2): Feed-forward pass result is : -0.9999998211860657
3): Weight gradients are : tensor([-12.0000,  -6.0000])
4): L2 loss result is : 8.999999046325684
5): Updated weights are : tensor([7.5708, 6.1416])


# Task 2
You are given input feature map $\mathbf{X}$ and convolutional kernel $\mathbf{w}$:
$$
\mathbf{x} = \begin{bmatrix} 1 & 0 & 2 \\ 2 & 1 & -1 \\ 0 & 0 & 2 \end{bmatrix}, \mathbf{w} = \begin{bmatrix} 1 & -1 \\ 0 & 2 \end{bmatrix}.
$$
Stride denotes length of convolutional stride, padding denotes symetric zero-padding.

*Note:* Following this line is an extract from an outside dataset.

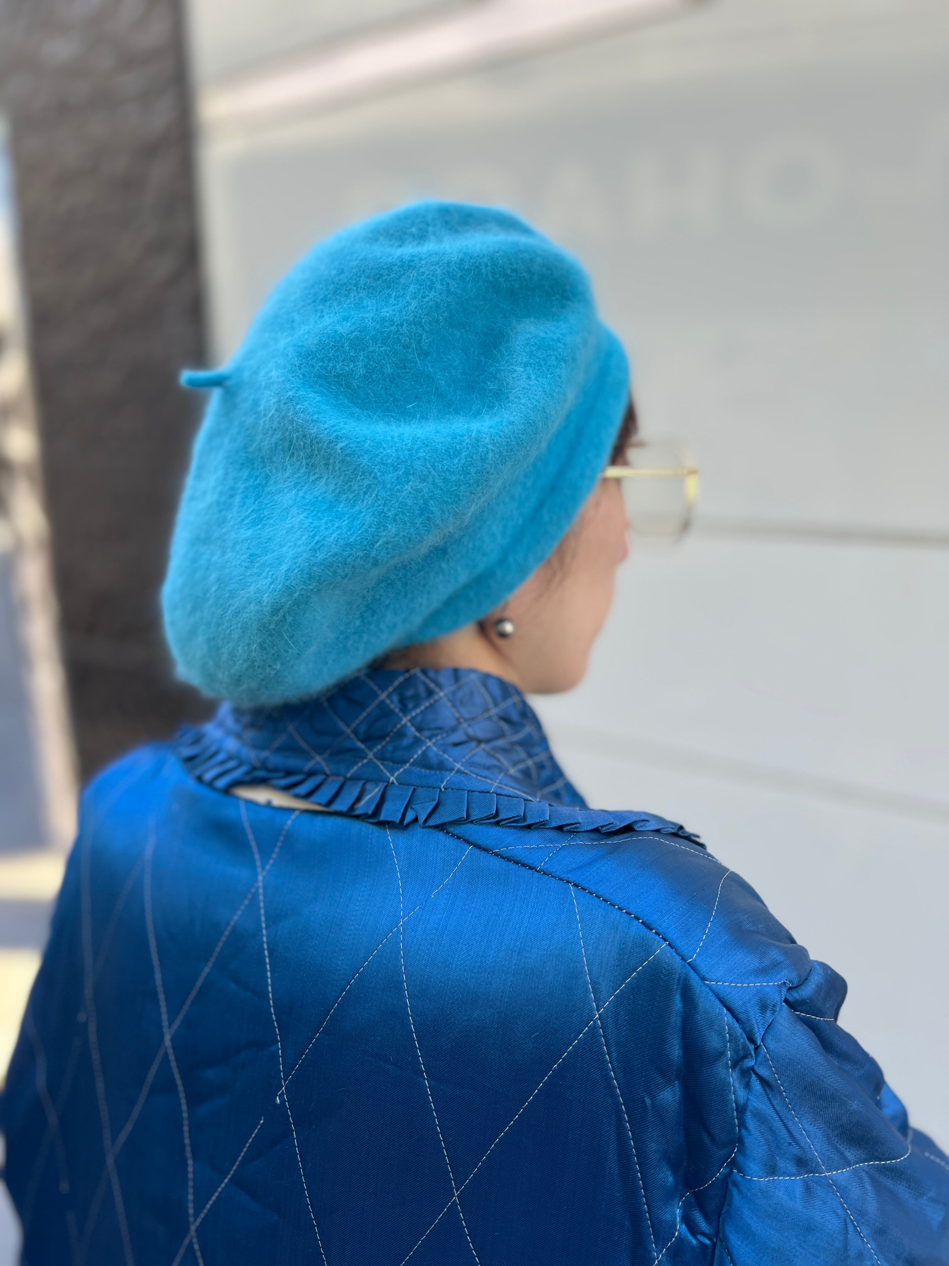 メタリックブルーの上品な光沢と、丁寧な刺繍はヴィンテージならではの特別感。

Compute outputs of following layers:
- 1) $\text{conv}(\mathbf{x}, \mathbf{w}, \text{stride}=1, \text{padding}=0)$
- 2) $\text{conv}(\mathbf{x}, \mathbf{w}, \text{stride}=3, \text{padding}=1)$
- 3) $\text{max}(\mathbf{x}, 2\times2)$

Do all these computations first with pen and paper and then implement them in python code.

In [18]:
def task2():
    x = torch.tensor([[1,0,2],[2,1,-1],[0,0,2]], dtype=torch.float32)
    w = torch.tensor([[1,-1],[0,2]],dtype=torch.float32)

    conv1 = torch.nn.Conv2d(1,1,2,bias=False)
    conv1.weight = torch.nn.Parameter(w.unsqueeze(0).unsqueeze(0))
    y = conv1(x.unsqueeze(0).unsqueeze(0))

    conv2 = torch.nn.Conv2d(1,1,2,3,1,bias=False)
    conv2.weight = torch.nn.Parameter(w.unsqueeze(0).unsqueeze(0))
    y2 = conv2(x.unsqueeze(0).unsqueeze(0))

    max1 = torch.nn.MaxPool2d(2,1)
    y3 = max1(x.unsqueeze(0).unsqueeze(0))

    print(f"1): Convolution result is : {y.data}")
    print(f"2): Convolution result is : {y2.data}")
    print(f"3): MaxPool result is : {y3.data}")

In [19]:
task2()

1): Convolution result is : tensor([[[[ 3., -4.],
          [ 1.,  6.]]]])
2): Convolution result is : tensor([[[[2., 0.],
          [0., 2.]]]])
3): MaxPool result is : tensor([[[[2., 2.],
          [2., 2.]]]])


You are given a simple network model, which consists of one convolutional layer and one maxpool layer. Structure is defined as follows: 
$$
f(\mathbf{x}, \mathbf{w}) = \text{max}(\text{conv}(\mathbf{x}, \mathbf{w}, \text{stride}=1, \text{padding}=0), 1\times2),
$$
where:
$$
\mathbf{x} = \begin{bmatrix} 2 & 1 & 2 \end{bmatrix}, \mathbf{w} = \begin{bmatrix} 1 & 0 \end{bmatrix}.
$$
$\mathbf{x}$ is an input feature map, $\mathbf{w}$ is a convolutional kernel.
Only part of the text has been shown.